The technical features of the embodiments described above may be arbitrarily combined, and for the sake of brevity, all possible combinations of the technical features in the embodiments described above are not described, but should be considered as being within the scope of the present specification as long as there is no contradiction between the combinations of the technical features.

The above-mentioned embodiments only express several embodiments of the present invention, and the description thereof is more specific and detailed, but not construed as limiting the scope of the invention. It should be noted that, for a person skilled in the art, several variations and modifications can be made without departing from the inventive concept, which falls within the scope of the present invention. Therefore, the protection scope of the present patent shall be subject to the appended claims.

Claims

1. A method for preparing a chestnut pulp extract for inhibiting diacylglycerol acyltransferase, comprising the steps of:

extraction: performing solvent extraction by taking Chinese chestnut pulp as a raw material and an ethanol water solution with the volume percentage concentration of 45-55% as a solvent, wherein the ratio of the mass of the raw material to the volume of the solvent is 1g:10-20ml, and performing ultrasonic extraction for 2-4 times, and each time lasts for 90-120 min; concentrating under reduced pressure to recover ethanol, concentrating to relative density of 1.08-1.10 at 75-80 deg.C, adding 2-3 times of water, stirring, standing at room temperature for 12-36 hr, precipitating, and collecting precipitate to obtain semen Castaneae pulp extract;

and (3) purification: loading the Chinese chestnut pulp extract obtained in the extraction step to a octadecylsilyl bonded silica gel chromatographic column with the particle size of 100-; eluting with methanol-water solution at volume ratio of 4:6 for 1-3 column volumes; collecting the eluent of the ethanol-water solution with the volume ratio of 4:6, and recovering the solvent to obtain the compound.

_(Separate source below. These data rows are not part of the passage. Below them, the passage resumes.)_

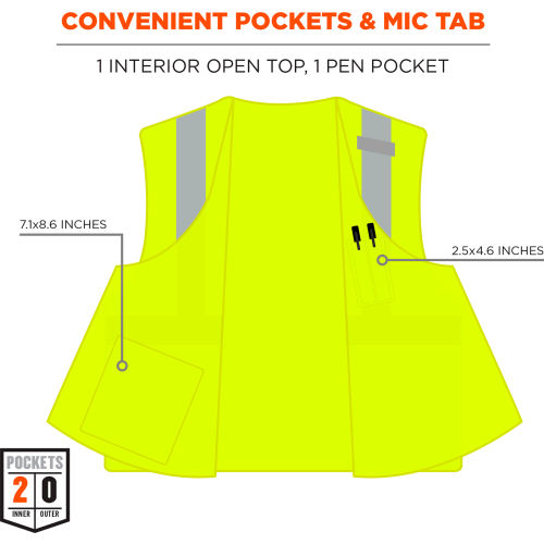 The GloWear 8263FRHL Hi-Vis FR Safety Vest is a Type R Class 2 vest compliant to ASTM F1506 for flame resistance. Designed to be worn as part of a complete FR garment system, this ANSI-approved mesh work vest is tested and certified to an ATPV 5.1 cal/cm, NFPA 70E CAT 1. FR & ANSI 107- COMPLIANT This ASTM F1506 and ANSI/ISEA 107 Class 2 safety vest is made of 60% modacrylic mesh and 40% cotton for comfort and breathability. This reflective vest also features a 2 FR reflective tape for heightened visibility at night or in low-light environments. POCKETS & ACCESSORIES Included in the vest are one interior pocket, one dual pen pocket and a single flame-resistant radio mic tab. There is D-ring access on the back for wearing over fall protection harnesses, and a hook & loop closure for easy on/off. This FR high-visibility vest is ideal for workers in occupations with electrical arc flash risk, including electrical and utilities. Features: FLAME RESISTANT Certified and tested to ASTM F1506; ATPV of 5.1 cal/cm; NFPA 70E CAT 1 for protection against arc flash hazardsHIGH VISIBILITY ANSI/ISEA 107, Type R Class 2 compliant with 2" FR reflective tape for low-light visibilityBREATHABLE FR MESH 6.1oz modacrylic mesh/cotton body and binding (60% modacrylic mesh, 40% cotton)EASY ON/OFF FR hook & loop closure with D-ring access on back of vest for wear over fall protection harnessesCONVENIENT POCKETS 1 interior, 1 dual pen pocketFR MIC TAB For convenient radio accessMACHINE WASHABLE.
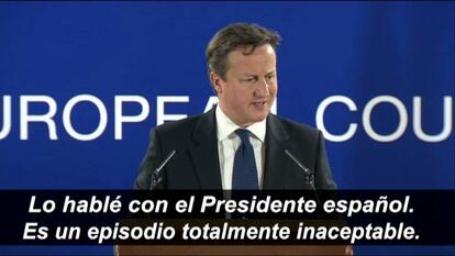 El primer ministro del Reino Unido, David Cameron, considera "inaceptable" los disparos que supuestamente realizó la Guardia Civil española en aguas de Gibraltar el pasado 24 de junio. Por eso, el mandatario británico ha reclamado este viernes en Bruselas al presidente del Gobierno, Mariano Rajoy, que se respete la soberanía del peñón. "Es muy importante que se respeten las normas internacionales, y eso incluye a Gibraltar también", ha señalado Cameron en la rueda de prensa posterior a la cumbre europea.
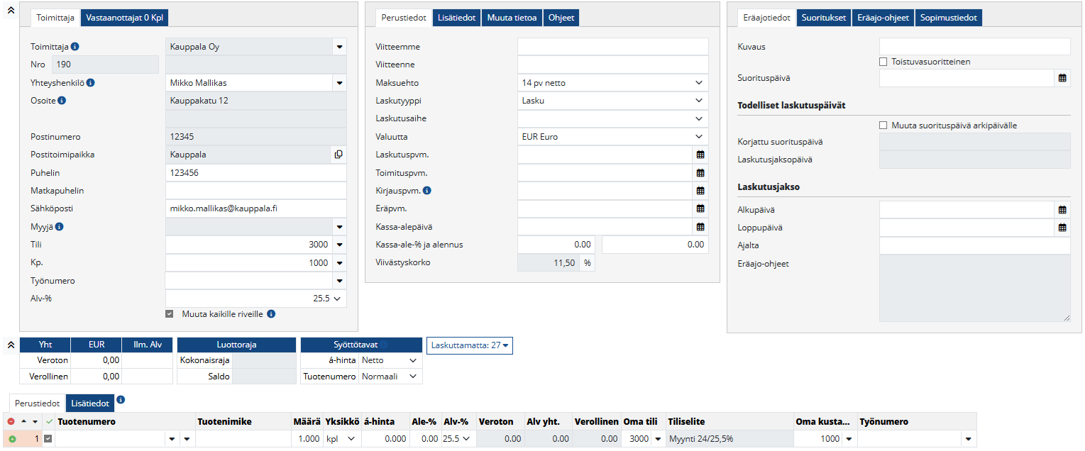 Täytetään laskulle tarvittavat tiedot ja luodaan laskurivit laskulle.
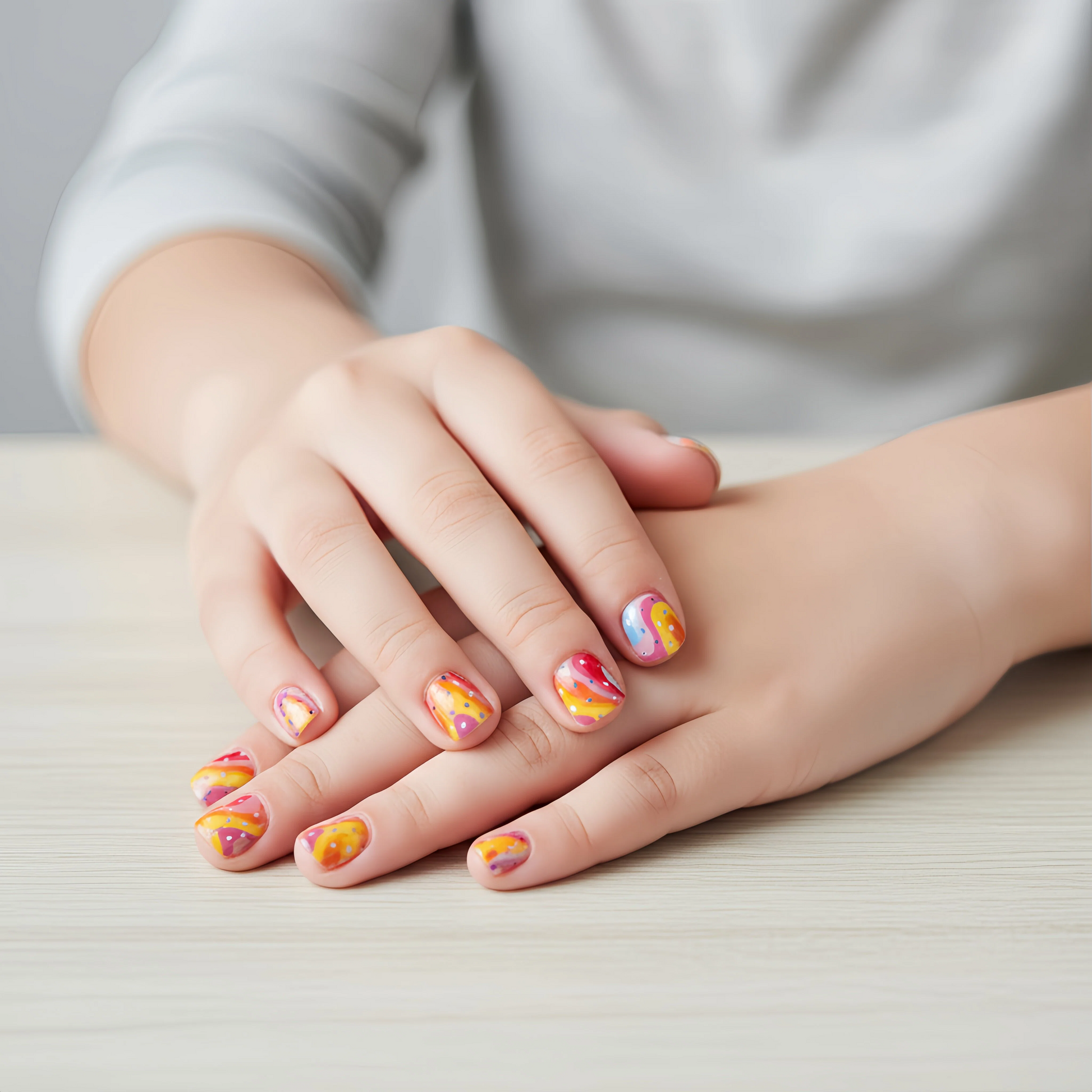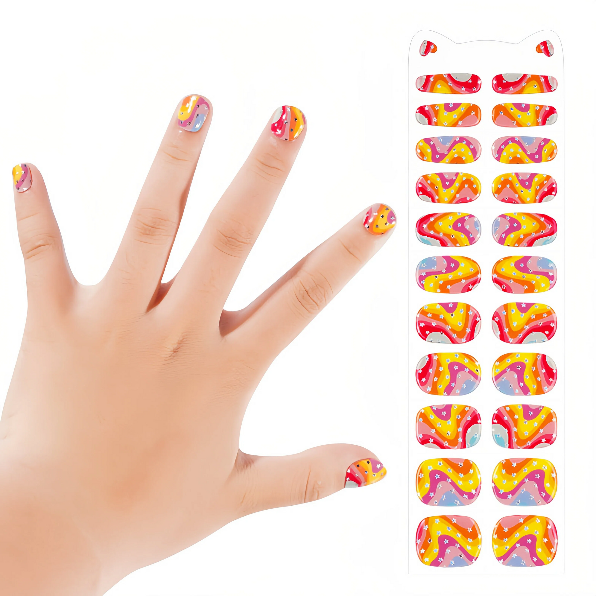 Design: Get ready for a party! Bright pink, sunny yellow, and sky blue twist together in a fun, groovy swirl. Some nails are sprinkled with tiny stars for extra dazzle!
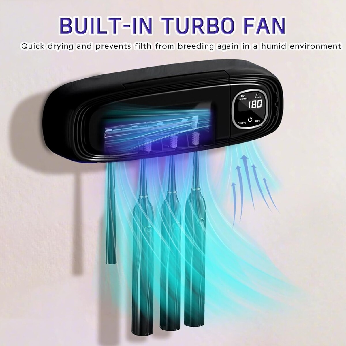 Powerful Cleaning + Air Drying Combo: Our wall-mounted toothbrush holder zaps 99% of germs from your toothbrushes while a built-in turbo fan dries them swiftly. Enjoy peace of mind with cleanliness like never before.
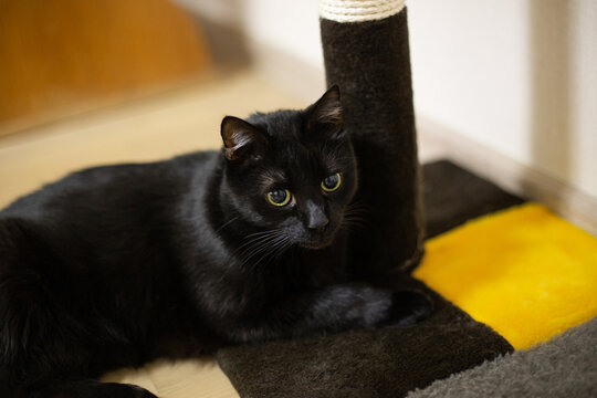 Man petting cream and white cat on wooden stairs at home, sunlight and relaxation
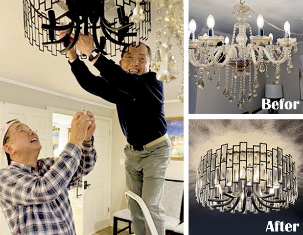 シャンデリアの交換に奮闘する高野さん・副島さんコンビ                                                    上:交換前 下:交換後
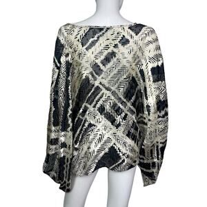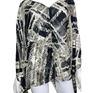 St. John Womens P/S Black White Silk Textured Poncho Open Drawstring Blouse EUC
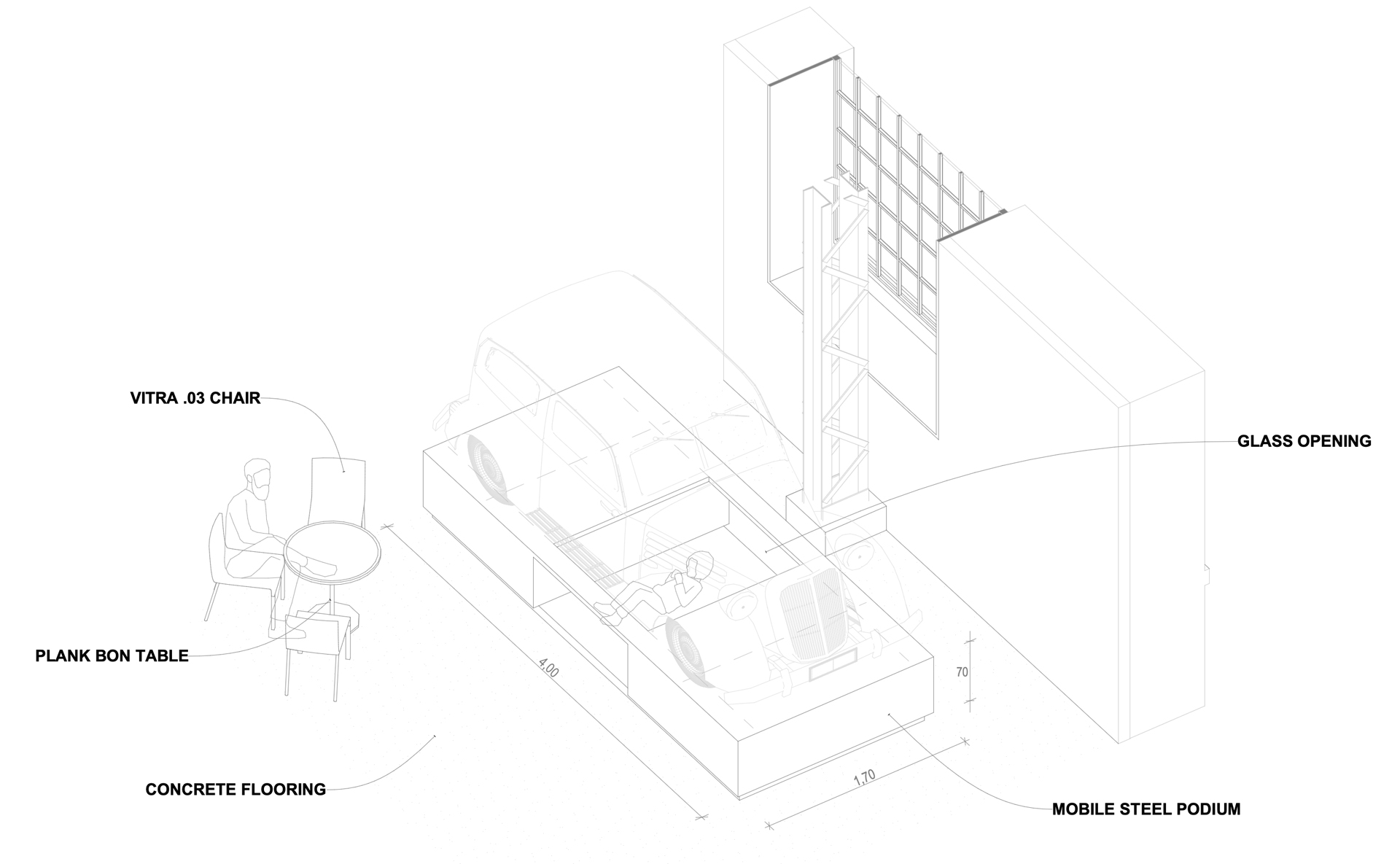 The tallest podiums showcasing the vehicles feature glass-covered tunnel openings, providing a unique view of the vintage cars.
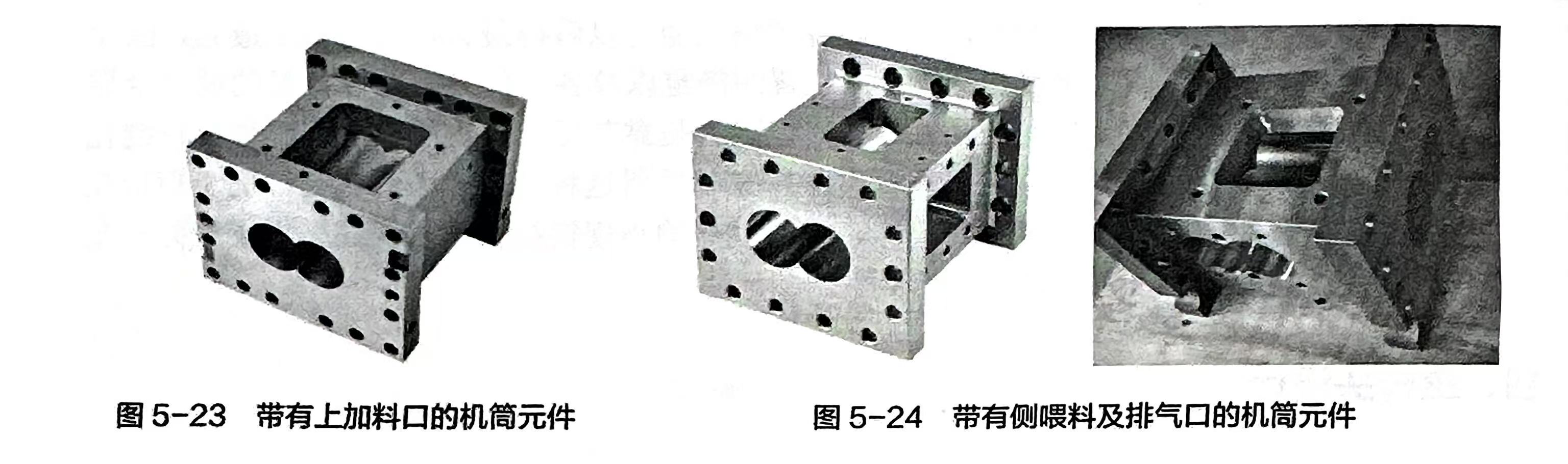 如图5-23所示,其功能是加入物料,有多种形式,由上向下看,加料口的形状多为长方形,也有圆形和椭圆形,这种上方带加料口的机筒元件可用在第一加料处,也可用在下游加料处。
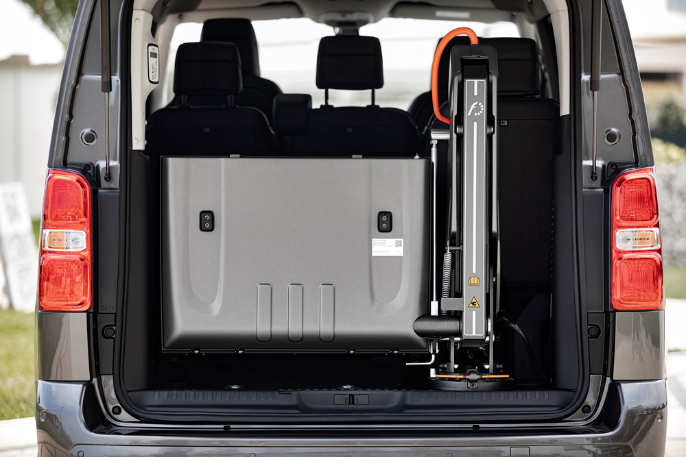 The Toyota Proace Verso conversion with the Fiorella lift ensures full and uncompromising accessibility. The lift is discreetly integrated, making the vehicle suitable for transporting passengers with reduced mobility.
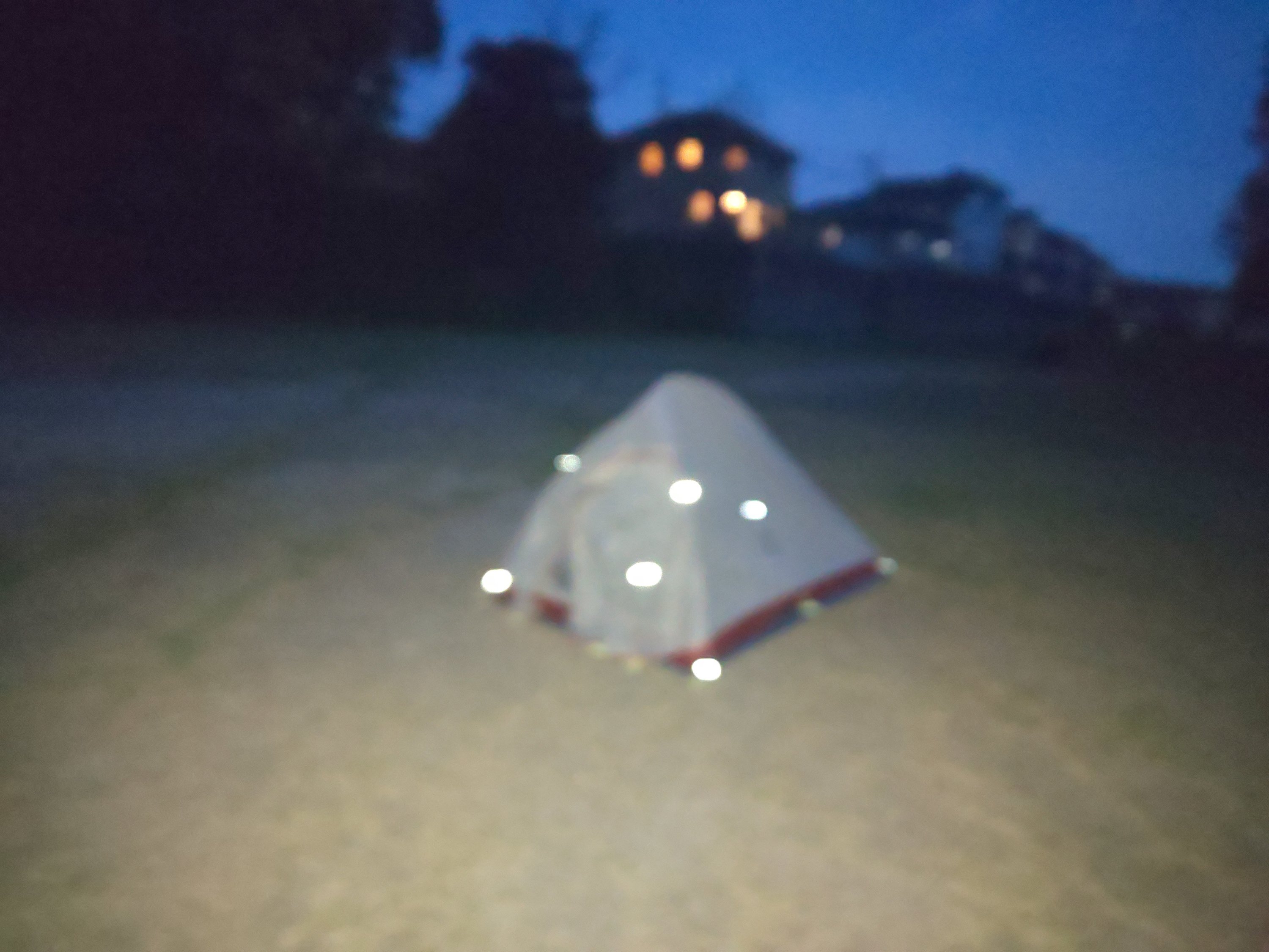 久々の心細いキャンプである。気を紛らわすためにテントの中でゲームをしてから寝るのであった。
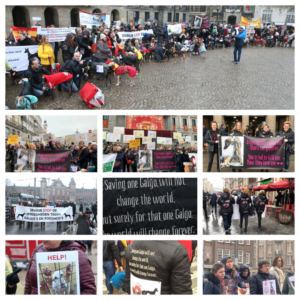 Protest in Amsterdam tegen misstanden jachthonden Spanje Op zondag 2 februari protesteerden 150 mensen met 100 galgo’s en podenco’s in Amsterdam tegen de misstanden bijjachthonden
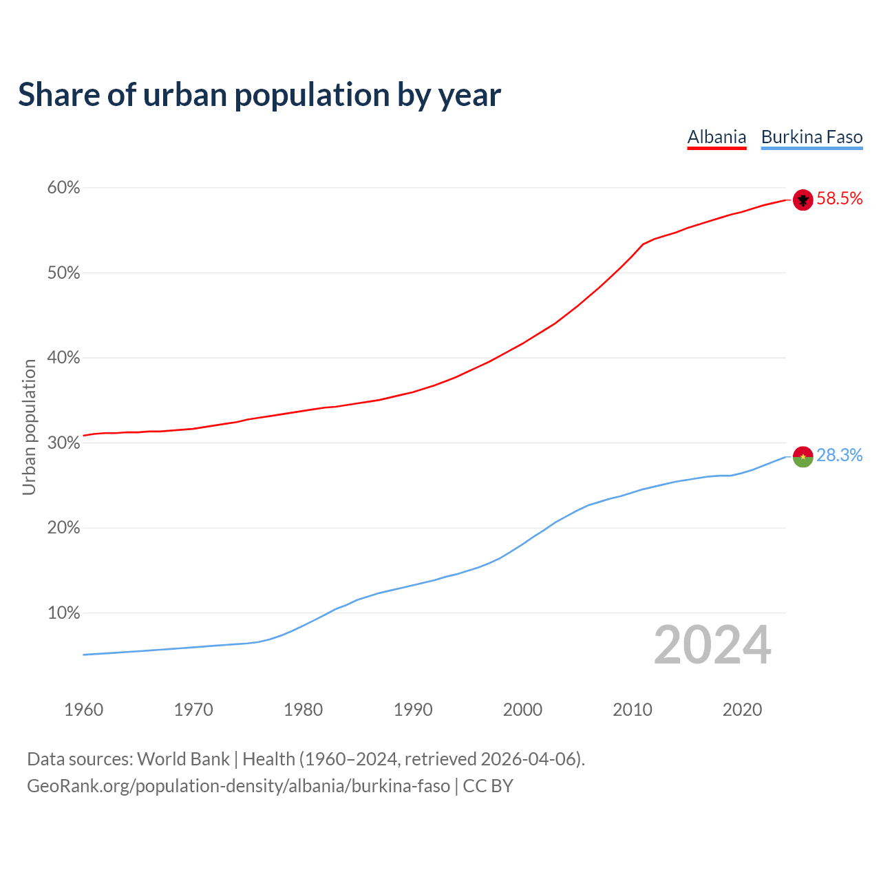 From 2004 to 2024, the share of urban population changed from 45% to 58.5% in Albania and from 21.3% to 28.3% in Burkina Faso.
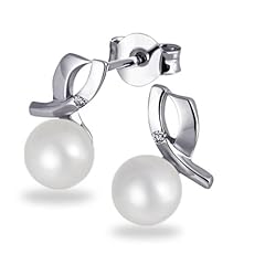 Goldmaid Damen-Ohrstecker Süßwasserperle 375 Weißgold 2 Diamanten 0,03 ct.
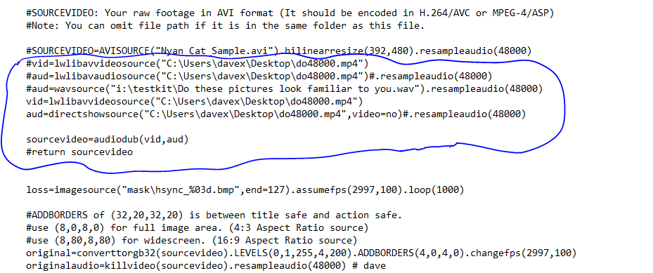 #Use this to extract the original audio [VirtualDub: File -> Save WAV...]
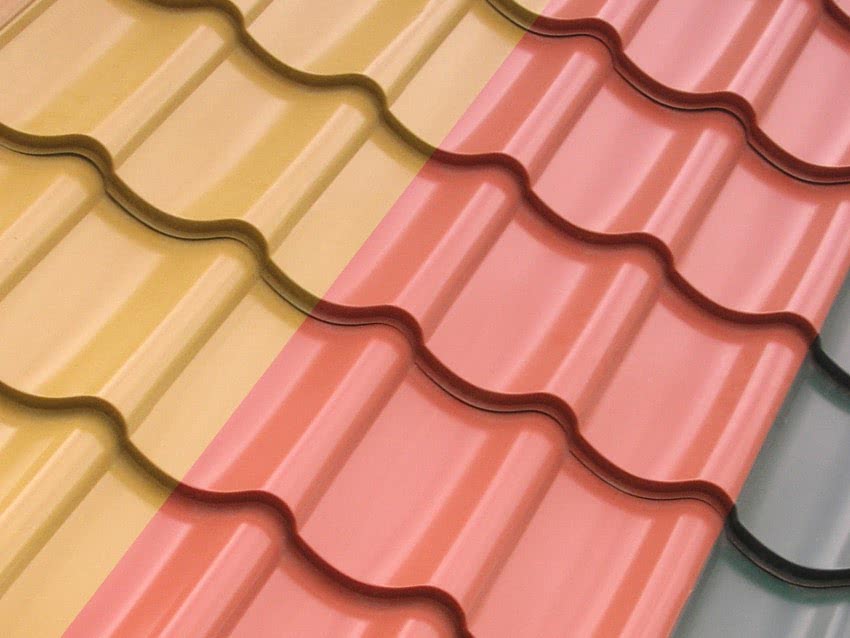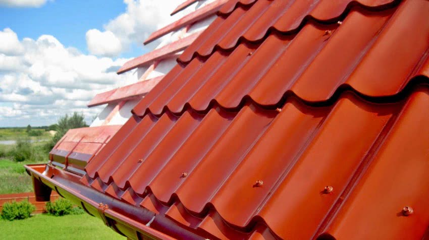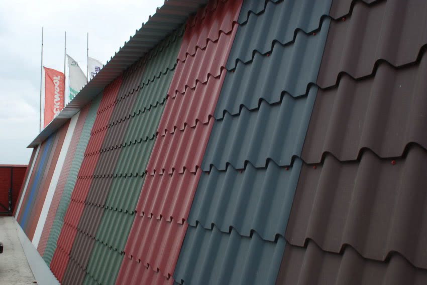 - Металлический профиль. Такой материал — практичный и недорогой вариант. Металлические листы легче шифера, к тому же цвет можно выбрать любой — отделка может быть и зеленая, и красная, и коричневая.

2. A chestnut pulp extract prepared by the method for preparing a chestnut pulp extract according to claim 1.

3. Use of the chestnut pulp extract of claim 2 for the preparation of an inhibitor for inhibiting diacylglycerol acyltransferase and/or for the preparation of an insulin sensitizer.

4. Use of the chestnut pulp extract of claim 2 for the preparation of a medicament for the prevention and treatment of diabetes, obesity and complications thereof.